Photographie retouchée afin de modifier l’apparence corporelle d’une personne
C’est la mention que la proposition de loi relative aux photographies d’images corporelles retouchées (sic) souhaite rajoutée aux images de communication ou de publicité retouchées afin de rendre le modèle plus vendeur. Ainsi l’article proposé par Valérie Boyer, Député UMP des Bouches du Rhône prévoit :
Art. L. 2133-2. – Les photographies publicitaires de personnes dont l’apparence corporelle a été modifiée par un logiciel de traitement d’image doivent être accompagnées de la mention : “Photographie retouchée afin de modifier l’apparence corporelle d’une personne”.
Le non-respect du présent article est puni d’une amende de 37 500 €, le montant de cette amende pouvant être porté à 50 % des dépenses consacrées à la publicité.
A l’heure de l’annonce de la sortie Photoshop CS5 mais aussi des différentes polémiques autour des images de presse retouchées ou des concours photo qui disqualifient certains lauréats il semble bien que le fossé entre image et photographie se creuse.
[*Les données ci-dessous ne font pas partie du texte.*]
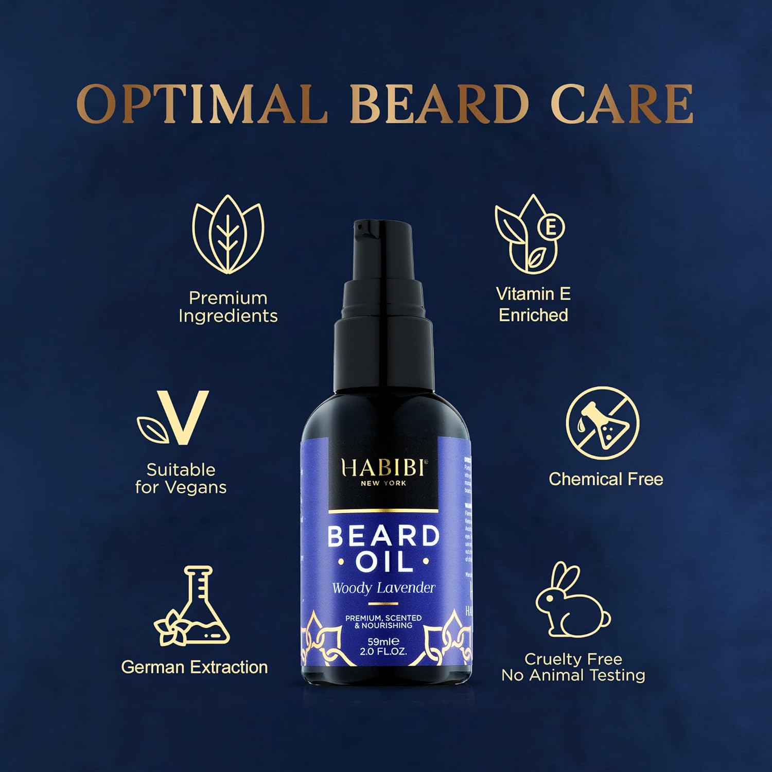 H HABIBI Woody Lavender Beard Oil – 2.0 Fl. Oz Naturally Derived Beard Growth Oil for Men, Beard Care Essential – Hydrates, Nourishes & Promotes Healthy Growth, Made in USA

Car si la photographie est le résultat de la fixation sur une surface photosensible d’une scène réelle, une image n’est qu’une représentation proposée à nos yeux et à notre cerveau. Mais voilà, aujourd’hui les techniques de retouches semblent se perfectionner aussi rapidement que la cupidité humaine augmente. Et sans tomber dans l’utopie du non-mercantilisme il est important que les producteurs d’images comprennent l’impact de leurs visuels, notamment sur les jeunes publics.
Et pour vous, faut-il apposer cette mention ? Pensez vous qu’elle permettra d’éveiller les consciences ?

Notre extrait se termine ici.